I have large json file with two lists of json objects.
example data:
[{"a":1}][{"b":2}]
import json
message = json.load(open("data.json"))
for m in message:
print m
As expected, I get ValueError.
File "/System/Library/Frameworks/Python.framework/Versions/2.7/lib/python2.7/json/__init__.py", line 290, in load
**kw)
File "/System/Library/Frameworks/Python.framework/Versions/2.7/lib/python2.7/json/__init__.py", line 338, in loads
return _default_decoder.decode(s)
File "/System/Library/Frameworks/Python.framework/Versions/2.7/lib/python2.7/json/decoder.py", line 369, in decode
raise ValueError(errmsg("Extra data", s, end, len(s)))

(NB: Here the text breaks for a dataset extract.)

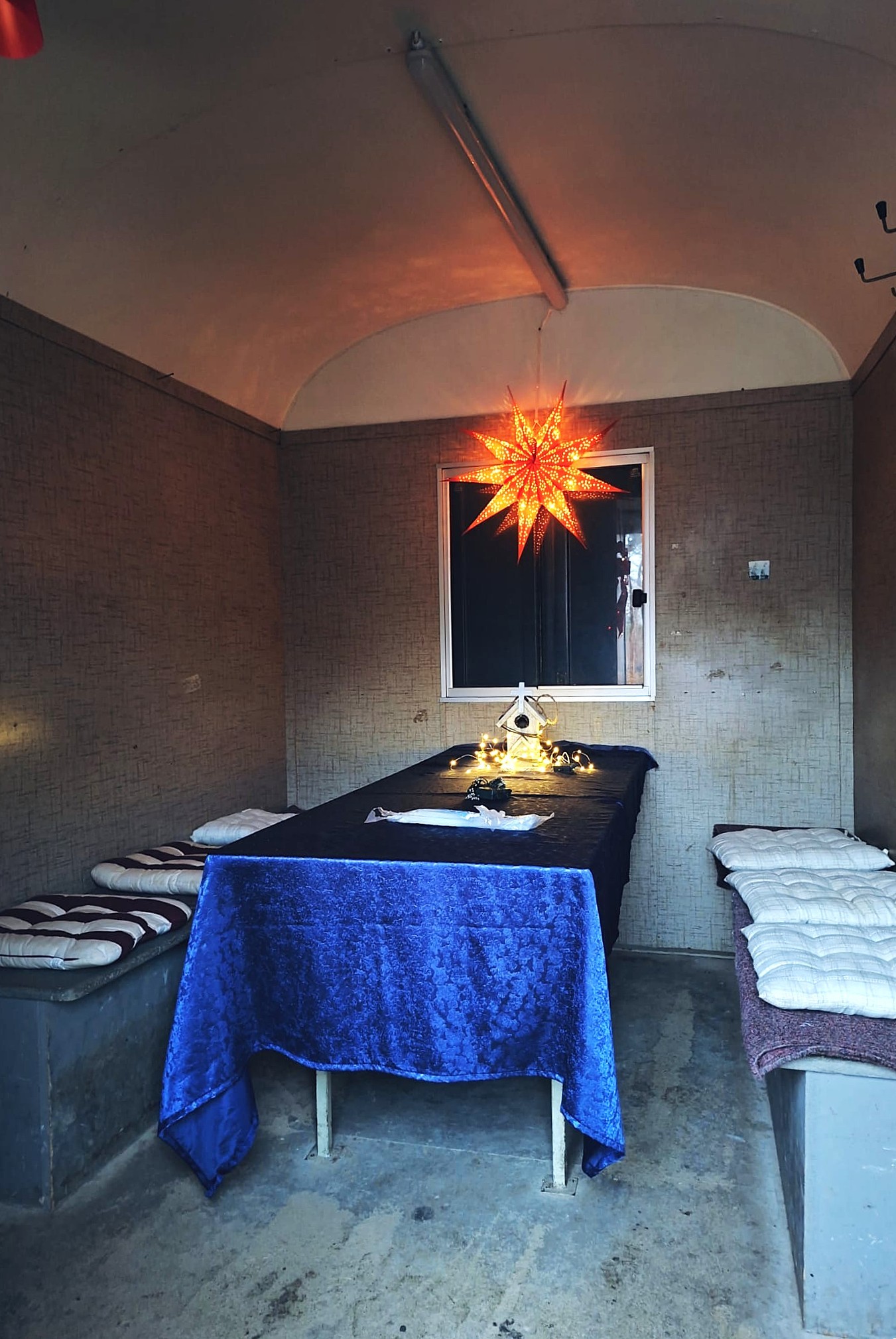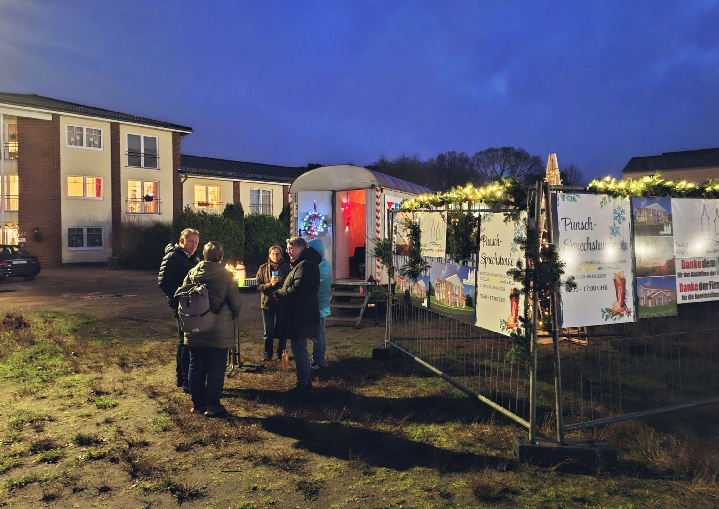 Doch stattdessen erwartete die Besucherinnen und Besucher am Donnerstagnachmittag ein liebevoll gestalteter Ort der Begegnung. Mit Bauwagen, Stehtisch, Punsch, Keksen und Mandarinen entstand eine einladende Atmosphäre, die zu offenen Gesprächen einlud.

ValueError: Extra data: line 1 column 10 - line 1 column 19 (char 9 - 18)
I thought of splitting the file by tracking the character count. What would be the pythonic way to handle this issue?

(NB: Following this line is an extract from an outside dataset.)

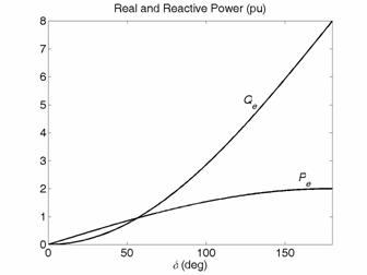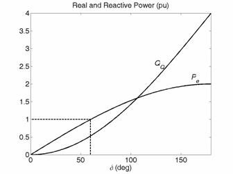 Fig. 10.3 depicts Pe - δ and QQ - δ characteristics. It can be seen from fig 10.4 that for a real power transfer of 1 per unit, a reactive power injection of roughly 0.5359 per unit will be required from the shunt compensator if the midpoint voltage is regulated as per (10.1). Similarly for increasing the real power transmitted to 2 per unit, the shunt compensator has to inject 4 per unit of reactive power. This will obviously increase the device rating and may not be practical. Therefore power transfer enhancement using midpoint shunt compensation may not be feasible from the device rating point of view.

You could use json.JSONDecoder.raw_decode()
which will parse one complete object and return it with the character position it ended at, allowing you to iterate through each one:
from json import JSONDecoder, JSONDecodeError
decoder = JSONDecoder()
data = '[{"a":1}][{"b":2}]'
pos = 0
while True:
try:
o, pos = decoder.raw_decode(data, pos)
print(o)
except JSONDecodeError:
break
Result:
[{'a': 1}]
[{'b': 2}]